Personne. Une mail et un téléphone qui sonne dans le vide.

Elle est partie trois semaines plus tard, profitant de la période d’essai. Pas assez effrontée, pas vraiment une guerrière, féministe larvée. Lui n’a pas voulu lui parler : elle est une traîtresse.

La Dame fait la morte.

Une Polo dans la peau

25 novembre 2011 par MMM

Place de la République, Paris : un petit chaperon vert se promène, insouciant. On ne se promène jamais insouciant Place de la République. On peut. Mais « on » meurt souvent quand il essaie. Quoi qu’il en soit et autant que faire se peut, le chaperon vert pose un pas devant l’autre, paisible, crocs rangés, poings dans les poches.

Passage cloutés. Le feu devient au rouge. La confiture du trafic s’épaissit. Les Polos jouent des coudes, se sentent le derrière pour gagner quelques centimètres comme s’ils avaient le temps.

Ecervelée petite dame verte, emmitouflée dans son manteau, voit un bonhomme fluo, tout pareillement vêtu, clignoter de l’autre côté. Au signal, c’est parti : une Converse sur le pavé, puis voilà l’autre pied.
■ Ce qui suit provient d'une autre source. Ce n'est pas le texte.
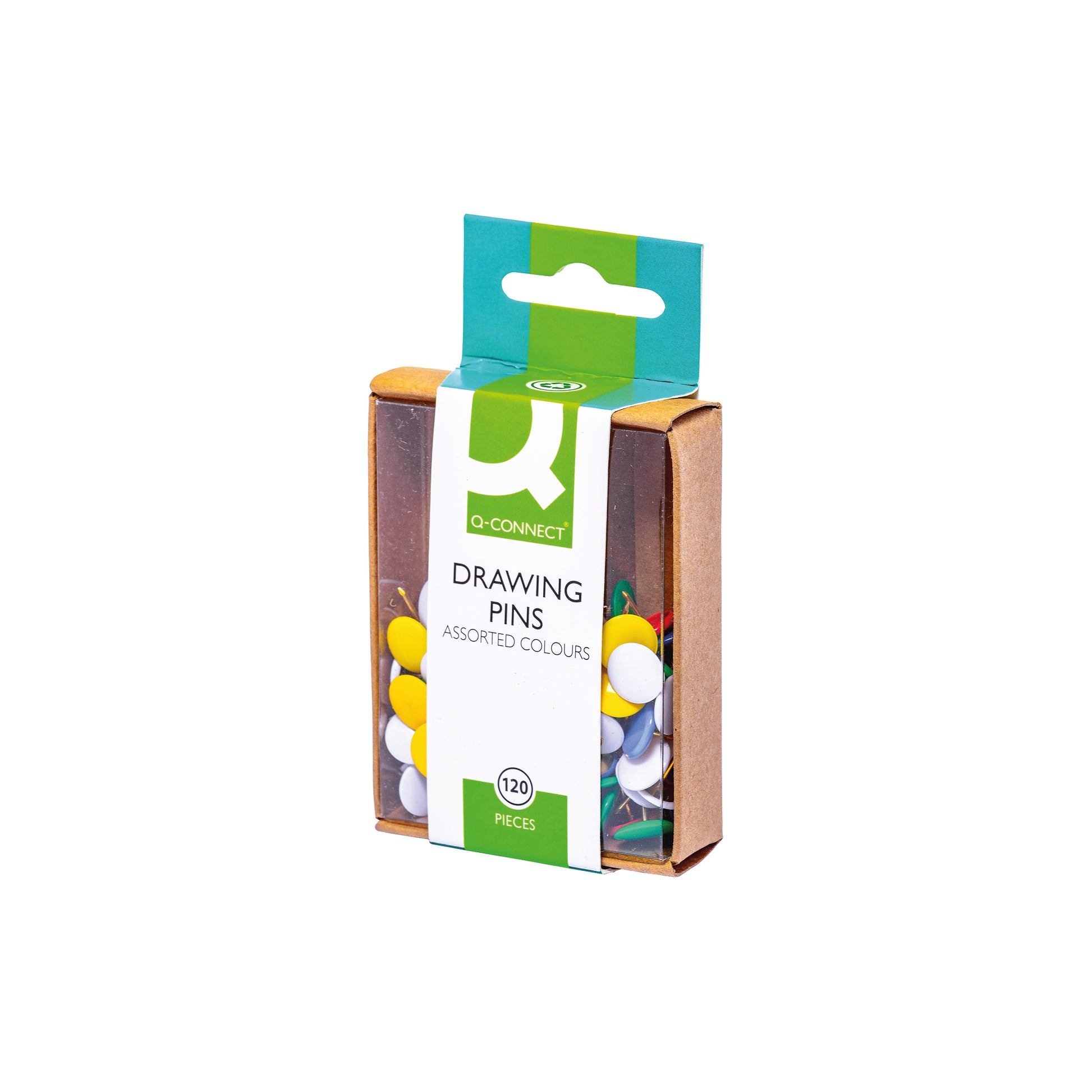 Drawing pins for home and office use. Solid head is strong and durable. Convenient hanging packs for storage. Assorted colours. 120 pins per pack. Pack of 10.
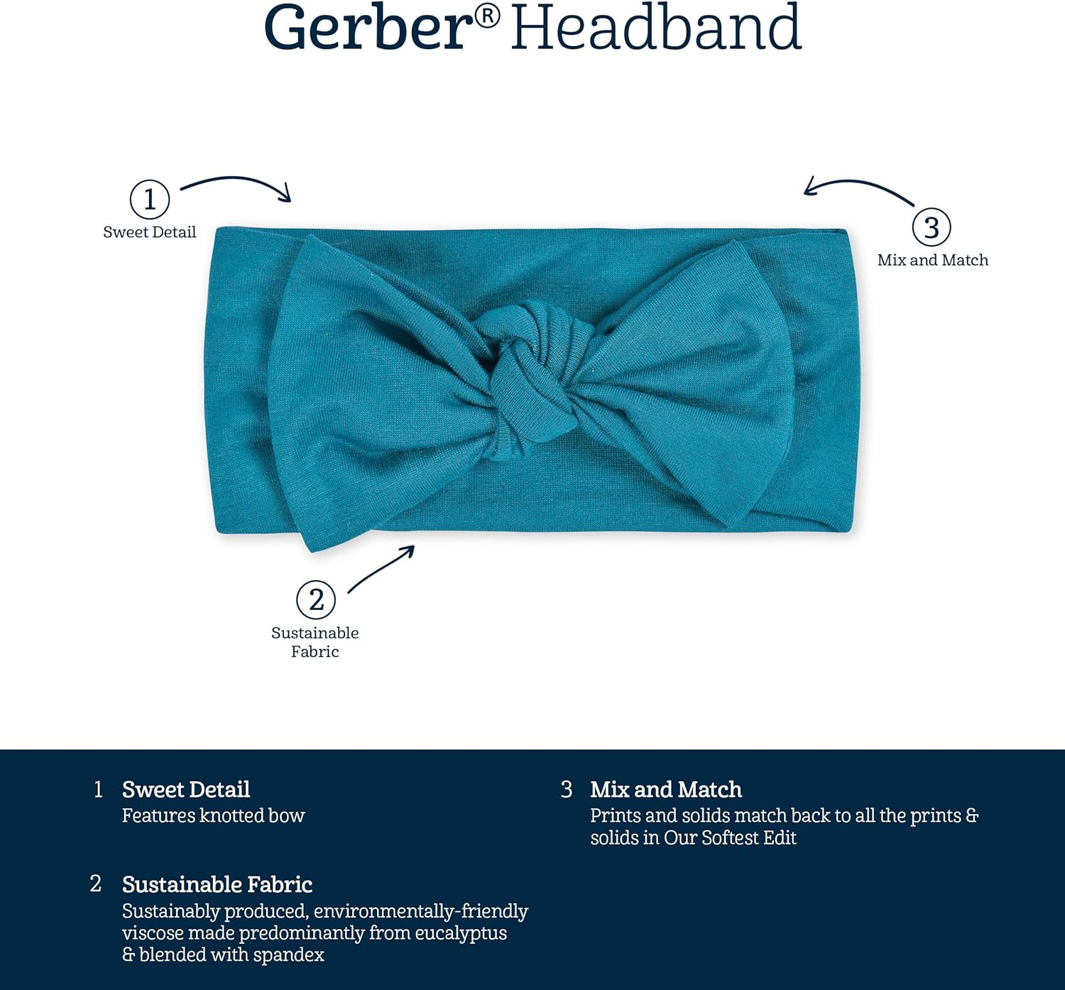 Gerber Baby Girls’ Buttery Soft Headband with Bow with Viscose Made from Eucalyptus(Ocean Teal)
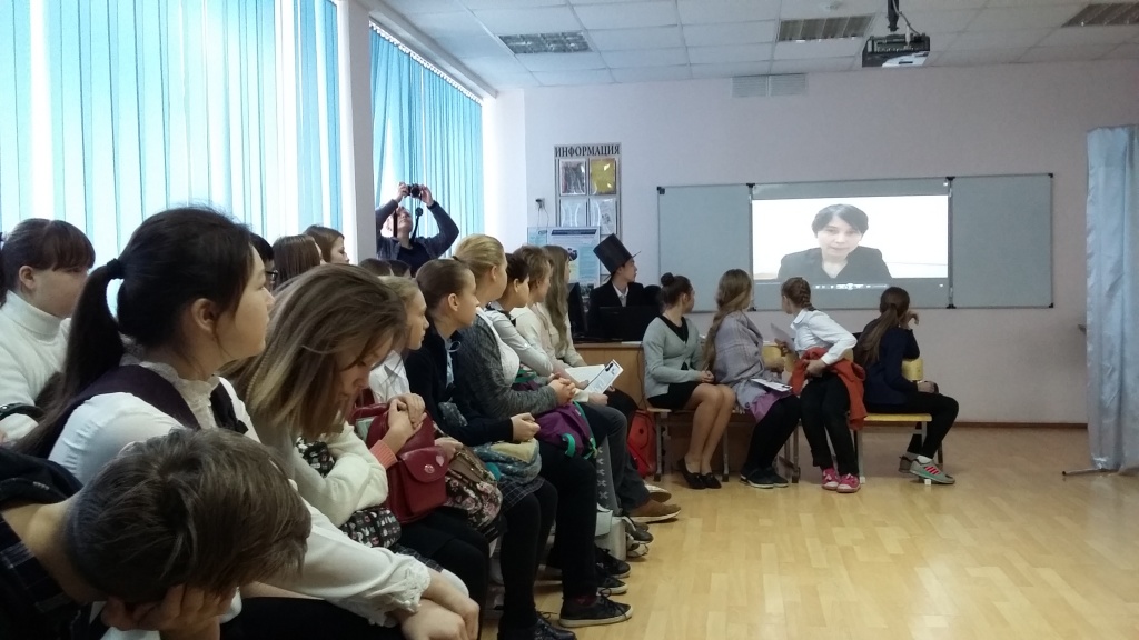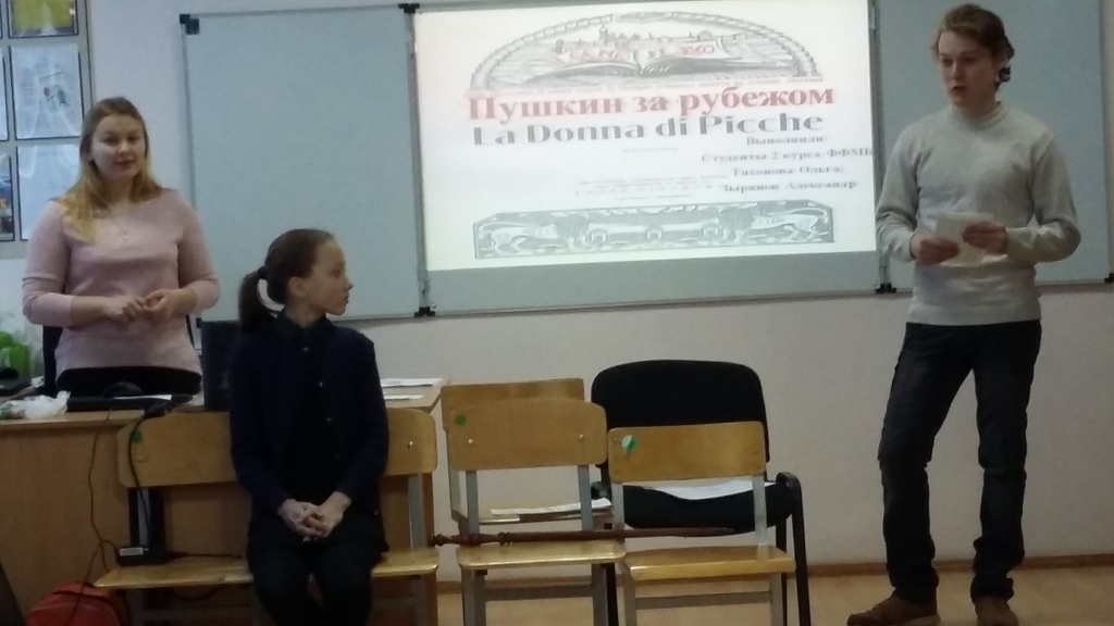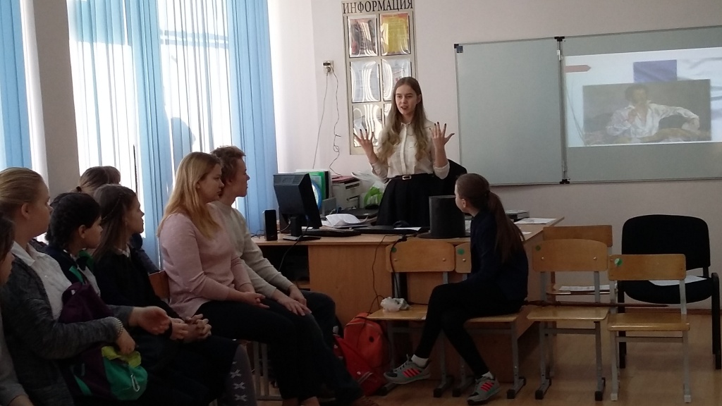 После небольшой переменки, когда к участникам обратилась Камила Мориак, тагильский поэт и давний друг школы, начались занимательные уроки. Урок литературной истории провели Кристина Фесик и Мария Анчугова, студенты 1 курса СГФ, рассказавшие лицеистам о Пушкине-историке, и Ольга Алексеева, студентка 2 курса ФФМК. С ней лицеисты совершили виртуальное путешествие по пушкинским местам: побывали в Михайловском, в последней квартире поэта, на набережной реки Мойки, 12, и на Черной речке. Урок иностранной словесности начался с истории перевода творчества Пушкина на языки мира, которую рассказали Ольга Тихонова и Александр Зырянов, студенты 2 курса ФФМК. Продолжила урок Полина Шушарова, студентка 1 курса ФФМК, познакомив слушателей с личными наблюдениями о том, как Пушкина почитают во Франции. Самые внимательные лицеисты, быстрее справлявшиеся с тестовыми заданиями, подготовленными студентами, получали сладкие призы. Следующий по расписанию урок искусств провел заслуженный художник РФ Владимир Зуев. Он презентовал выставку экслибрисов «Наш Пушкин», над которой студенты ФХО работали два года и успешно ее представили на Международном конкурсе экслибрисов в Москве осенью 2018 года.

« Monsieur, le feu est rouge », prévient-elle légèrement. « Connasse ! ». Grand dieu, il n’avait pourtant pas une bouche à connasse cet insignifiant trentenaire doté de ses deux W. Mais si mais si : « connasse ». Plus mignon que « salope », pas cute cute, mais passons. Détour par l’arrière, une petite tape sur le cul de la Polo pour marquer le coup. Attention au coup de sabot. Jusqu’ici, tout va bien.

Hum… tout va bien dans le manteau vert ! Du côté du trentenaire, ça voit rouge, ça maugrée, ça insulte.

Cette fois, c’est mérité : « C’était rouge connard ! Et quand c’est rouge, il ne faut pas avancer. ça ne sert à rien, ça fait chier tout le monde. T’es énervé parce que je l’ai tapée trop fort, elle a bobo ta Polo? »

Inconsciente, provocante, voici la monnaie de ta pièce :

« RRRRRRPOUA ».

Les poings serrés dans les poches, les mandibules crispées, le petit chaperon avait pourtant choisi de suivre son chemin. Ignorée la voiture bleu blanc rouge à quelques mètres. Pas de pensée impure. Objectif brassière à tenir, go to Go sport.

C’était quoi ce bruit? Oh putain, non… il n’a pas osé. Manteau retourné en éclair. Rien, mais vision périphérique qui repère un crachat en phase chute à quelques centimètres. Regard grave de deux mineurs à la casquette renversée.

Quelle tâche. Il m’a ratée. Courroux, détermination : demi tour.

Préparation : humidification buccale. Trois pas. Fenêtre ouverte. Le niais ! En pleine face. Pas mal pour un premier mollard social.

Entre temps, le chaperon vert est devenue une « salope ». Qu’à cela ne tienne. Elle espère que sa grippe est restée logée dans ses sécrétions de salope.

Le connard. Il ne quittera pas sa Polo qu’elle que soit son envie. Sa Polo, il l’a dans la peau.

Elle le sait et poursuit sa route. Les poings sont sortis. Le rouge aux joues, les larmes aux yeux. La peur aussi, un peu. Les deux casquettes retournées la félicitent : « Bravo Madame, ça se fait pas franchement. Faut pas se laisser faire ». Ils la suivent, aimantés. Elle doute de son mérite face à cette gloire inespérée.

Halte devant Habitat. Coup d’oeil à la voiture bleu blanc rouge. De quoi le faire frissonner au fond de son kangourou : encore une mission pour « Super connasse ».

Course jusqu’à la Polo. Elle n’a pas bougé. Pas la moindre avancée.

Un chaperon salope regarde le véhicule en face, à trois mètres, droit dans les yeux. Elle note sur le revers de la main les quelques chiffres de sa gourmette. Pas discrètes les gourmettes de Polo, un truc auquel les connards devraient penser.

Petit coup d’oeil sur le visage blanc, immobile. Petit salut de la main. Sourire.

Sourire d’angoisse, sourire de honte. Le petit chaperon vert n’aime pas cracher.